IV. Amazon VPC Routing
A route table contains a set of rules, called routes, that determine where network traffic from your subnet or gateway is directed.
1. Main route table
When you create a VPC, AWS creates a route table called the main route table. A route table contains a set of rules, called routes, that are used to determine where network traffic is directed. AWS assumes that when you create a new VPC with subnets, you want traffic to flow between them. Therefore, the default configuration of the main route table is to allow traffic between all subnets in the local network. The following rules apply to the main route table:
- You cannot delete the main route table.
- You cannot set a gateway route table as the main route table.
- You can replace the main route table with a custom subnet route table.
- You can add, remove, and modify routes in the main route table.
- You can explicitly associate a subnet with the main route table, even if it's already implicitly associated.
2. Custom route tables
The main route table is used implicitly by subnets that do not have an explicit route table association. However, you might want to provide different routes on a per-subnet basis for traffic to access resources outside of the VPC. For example, your application might consist of a frontend and a database.
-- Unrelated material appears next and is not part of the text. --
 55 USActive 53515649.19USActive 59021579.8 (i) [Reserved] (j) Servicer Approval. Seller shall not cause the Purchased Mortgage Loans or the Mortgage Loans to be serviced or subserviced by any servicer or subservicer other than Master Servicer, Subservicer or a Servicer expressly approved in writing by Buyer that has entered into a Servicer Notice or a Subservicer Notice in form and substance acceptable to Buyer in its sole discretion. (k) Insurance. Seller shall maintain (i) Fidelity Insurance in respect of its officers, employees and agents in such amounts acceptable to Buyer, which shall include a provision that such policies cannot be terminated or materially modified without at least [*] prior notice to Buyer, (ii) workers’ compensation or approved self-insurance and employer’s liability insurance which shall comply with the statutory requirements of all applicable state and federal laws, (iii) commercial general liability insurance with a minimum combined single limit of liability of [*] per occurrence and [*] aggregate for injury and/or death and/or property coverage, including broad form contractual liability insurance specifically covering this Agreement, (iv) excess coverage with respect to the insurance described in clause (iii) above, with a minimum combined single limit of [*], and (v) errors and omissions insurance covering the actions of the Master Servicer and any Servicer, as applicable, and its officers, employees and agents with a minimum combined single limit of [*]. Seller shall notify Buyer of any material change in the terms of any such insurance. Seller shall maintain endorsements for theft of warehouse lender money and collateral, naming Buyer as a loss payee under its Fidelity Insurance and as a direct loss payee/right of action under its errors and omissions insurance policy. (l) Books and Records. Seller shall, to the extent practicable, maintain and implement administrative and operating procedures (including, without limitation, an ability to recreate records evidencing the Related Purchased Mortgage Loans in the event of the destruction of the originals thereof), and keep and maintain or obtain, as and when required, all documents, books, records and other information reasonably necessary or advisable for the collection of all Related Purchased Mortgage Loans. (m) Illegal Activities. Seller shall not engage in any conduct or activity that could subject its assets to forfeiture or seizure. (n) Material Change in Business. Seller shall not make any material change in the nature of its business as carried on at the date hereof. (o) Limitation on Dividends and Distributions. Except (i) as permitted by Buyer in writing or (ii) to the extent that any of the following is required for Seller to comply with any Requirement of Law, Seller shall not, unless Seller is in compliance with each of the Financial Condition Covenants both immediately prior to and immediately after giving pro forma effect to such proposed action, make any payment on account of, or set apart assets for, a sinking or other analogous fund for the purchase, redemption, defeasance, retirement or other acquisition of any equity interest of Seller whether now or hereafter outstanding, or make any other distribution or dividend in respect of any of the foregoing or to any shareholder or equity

You can create separate subnets for the resources and provide different routes for each of them.
If you associate a subnet with a custom route table, the subnet will use it instead of the main route table. Each custom route table that you create will have the local route already inside it, allowing communication to flow between all resources and subnets inside the VPC. You can protect your VPC by explicitly associating each new subnet with a custom route table and leaving the main route table in its original default state.
V. Amazon VPC Security
Cloud security at AWS is the highest priority. You benefit from a data center and network architecture that is built to meet the requirements of the most security-sensitive organizations.
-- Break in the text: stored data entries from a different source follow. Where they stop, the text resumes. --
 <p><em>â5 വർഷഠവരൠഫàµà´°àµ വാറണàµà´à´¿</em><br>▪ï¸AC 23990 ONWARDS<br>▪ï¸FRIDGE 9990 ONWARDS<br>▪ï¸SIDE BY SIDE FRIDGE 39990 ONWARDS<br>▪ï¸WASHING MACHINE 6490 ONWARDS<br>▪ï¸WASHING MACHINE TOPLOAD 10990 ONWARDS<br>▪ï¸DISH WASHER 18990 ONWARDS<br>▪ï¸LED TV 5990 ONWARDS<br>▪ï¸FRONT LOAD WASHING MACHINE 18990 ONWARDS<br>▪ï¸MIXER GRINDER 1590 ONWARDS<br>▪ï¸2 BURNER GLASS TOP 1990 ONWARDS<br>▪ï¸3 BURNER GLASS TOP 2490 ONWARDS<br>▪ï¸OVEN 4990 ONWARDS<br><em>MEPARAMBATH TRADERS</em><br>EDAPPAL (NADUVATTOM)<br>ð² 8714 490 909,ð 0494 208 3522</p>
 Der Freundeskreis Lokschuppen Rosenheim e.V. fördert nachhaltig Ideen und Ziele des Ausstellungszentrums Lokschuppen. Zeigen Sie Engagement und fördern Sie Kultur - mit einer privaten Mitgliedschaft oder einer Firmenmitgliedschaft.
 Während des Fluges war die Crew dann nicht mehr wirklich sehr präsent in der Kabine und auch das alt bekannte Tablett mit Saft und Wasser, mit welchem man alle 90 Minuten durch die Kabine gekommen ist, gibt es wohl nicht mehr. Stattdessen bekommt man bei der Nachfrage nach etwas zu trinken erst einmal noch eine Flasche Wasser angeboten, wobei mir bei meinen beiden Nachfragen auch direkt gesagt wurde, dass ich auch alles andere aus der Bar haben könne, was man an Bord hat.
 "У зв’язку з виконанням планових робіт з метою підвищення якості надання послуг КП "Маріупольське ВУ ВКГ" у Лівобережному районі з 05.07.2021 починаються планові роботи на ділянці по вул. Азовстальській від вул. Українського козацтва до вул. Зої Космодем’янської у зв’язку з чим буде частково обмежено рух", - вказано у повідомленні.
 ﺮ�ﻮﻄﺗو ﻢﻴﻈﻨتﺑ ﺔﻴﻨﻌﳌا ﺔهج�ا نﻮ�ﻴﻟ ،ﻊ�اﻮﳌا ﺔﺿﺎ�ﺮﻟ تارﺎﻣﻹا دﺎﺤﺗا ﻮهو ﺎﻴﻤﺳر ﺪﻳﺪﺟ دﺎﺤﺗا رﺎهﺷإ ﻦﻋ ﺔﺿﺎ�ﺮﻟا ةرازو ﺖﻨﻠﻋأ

1. Secure subnets with network access control lists
Think of a network access control list (network ACL) as a virtual firewall at the subnet level. A network ACL lets you control what kind of traffic is allowed to enter or leave your subnet. You can configure this by setting up rules that define what you want to filter. Here is an example of a default ACL for a VPC that supports IPv4.
2. Default network ACL
Inbound | |||||
---|---|---|---|---|---|
Rule # | Type | Protocol | Port Range | Source | Allow or Deny |
100 | All IPv4 traffic | All | All | 0.0.0.0/0 | ALLOW |
* | All IPv4 traffic | All | All | 0.0.0.0/0 | DENY |
Outbound | |||||
---|---|---|---|---|---|
Rule # | Type | Protocol | Port Range | Destination | Allow or Deny |
100 | All IPv4 traffic | All | All | 0.0.0.0/0 | ALLOW |
* | All IPv4 traffic | All | All | 0.0.0.0/0 | DENY |
The default network ACL shown in the preceding table, allows all traffic in and out of the subnet. To allow data to flow freely to the subnet, this is a good starting place.
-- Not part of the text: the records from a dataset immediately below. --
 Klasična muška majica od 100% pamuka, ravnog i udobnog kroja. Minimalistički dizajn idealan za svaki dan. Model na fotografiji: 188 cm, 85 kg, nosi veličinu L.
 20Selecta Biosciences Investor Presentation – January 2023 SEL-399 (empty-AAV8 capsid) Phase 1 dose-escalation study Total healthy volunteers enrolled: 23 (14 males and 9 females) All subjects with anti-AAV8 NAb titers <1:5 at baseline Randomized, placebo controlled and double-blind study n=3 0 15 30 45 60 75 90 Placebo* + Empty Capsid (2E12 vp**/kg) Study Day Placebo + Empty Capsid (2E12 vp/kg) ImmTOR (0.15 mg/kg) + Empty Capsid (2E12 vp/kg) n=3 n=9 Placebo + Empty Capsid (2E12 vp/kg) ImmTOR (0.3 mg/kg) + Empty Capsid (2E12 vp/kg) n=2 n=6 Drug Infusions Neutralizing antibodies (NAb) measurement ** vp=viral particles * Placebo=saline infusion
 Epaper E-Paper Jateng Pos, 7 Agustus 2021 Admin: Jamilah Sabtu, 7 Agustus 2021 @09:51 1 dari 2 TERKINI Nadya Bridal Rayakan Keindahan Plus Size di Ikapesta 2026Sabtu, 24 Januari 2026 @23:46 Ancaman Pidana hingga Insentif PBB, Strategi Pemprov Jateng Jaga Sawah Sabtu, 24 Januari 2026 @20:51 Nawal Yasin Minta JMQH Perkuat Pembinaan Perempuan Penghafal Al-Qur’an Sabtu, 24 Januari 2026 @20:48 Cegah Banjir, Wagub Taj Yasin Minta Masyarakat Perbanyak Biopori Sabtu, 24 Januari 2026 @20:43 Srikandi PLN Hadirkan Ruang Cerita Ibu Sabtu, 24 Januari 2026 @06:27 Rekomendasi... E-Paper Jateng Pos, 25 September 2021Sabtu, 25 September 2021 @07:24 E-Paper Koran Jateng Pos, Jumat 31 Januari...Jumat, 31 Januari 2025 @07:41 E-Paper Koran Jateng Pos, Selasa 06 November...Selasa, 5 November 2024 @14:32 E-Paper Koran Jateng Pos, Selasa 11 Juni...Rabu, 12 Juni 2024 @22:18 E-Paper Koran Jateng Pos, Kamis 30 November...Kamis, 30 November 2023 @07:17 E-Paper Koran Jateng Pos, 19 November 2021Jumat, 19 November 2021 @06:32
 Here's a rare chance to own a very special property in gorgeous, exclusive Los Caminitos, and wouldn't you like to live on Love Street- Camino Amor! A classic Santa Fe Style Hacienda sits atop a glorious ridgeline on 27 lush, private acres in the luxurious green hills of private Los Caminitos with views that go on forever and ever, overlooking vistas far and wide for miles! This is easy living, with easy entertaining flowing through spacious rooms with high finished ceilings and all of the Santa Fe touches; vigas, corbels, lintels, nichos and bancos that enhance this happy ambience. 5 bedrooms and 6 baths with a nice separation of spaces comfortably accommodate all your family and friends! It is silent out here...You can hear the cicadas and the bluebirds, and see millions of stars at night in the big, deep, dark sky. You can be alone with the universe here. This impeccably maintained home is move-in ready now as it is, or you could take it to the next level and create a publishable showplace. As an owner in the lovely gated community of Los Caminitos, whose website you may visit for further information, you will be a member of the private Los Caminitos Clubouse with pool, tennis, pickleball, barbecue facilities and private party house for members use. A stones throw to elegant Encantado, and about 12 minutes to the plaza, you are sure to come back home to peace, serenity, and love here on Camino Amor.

However, you might want to restrict data at the subnet level. For example, if you have a web application, you might restrict your network to allow HTTPS traffic and Remote Desktop Protocol (RDP) traffic to your web servers.
3. Custom network ACL
Inbound | |||||
---|---|---|---|---|---|
Rule # | Source IP | Protocol | Port | Allow or Deny | Comments |
100 | All IPv4 traffic | TCP | 443 | ALLOW | Allows inbound HTTPS traffic from anywhere |
130 | 192.0.2.0/24 | TCP | 3389 | ALLOW | Allows inbound RDP traffic to the web servers from your home network’s public IP address range (over the internet gateway) |
* | All IPv4 traffic | All | All | DENY | Denies all inbound traffic not already handled by a preceding rule (not modifiable) |
Outbound | |||||
---|---|---|---|---|---|
Rule # | Destination IP | Protocol | Port | Allow or Deny | Comments |
120 | 0.0.0.0/0 | TCP | 1025-65535 | ALLOW | Allows outbound responses to clients on the internet (serving people visiting the web servers in the subnet) |
* | 0.0.0.0/0 | All | All | DENY | Denies all outbound traffic not already handled by a preceding rule (not modifiable) |
Notice that in the custom network ACL in the preceding example, you allow inbound 443 and outbound range 1025–65535. That’s because HTTPS uses port 443 to initiate a connection and will respond to an ephemeral port. Network ACLs are considered stateless, so you need to include both the inbound and outbound ports used for the protocol. If you don’t include the outbound range, your server would respond but the traffic would never leave the subnet.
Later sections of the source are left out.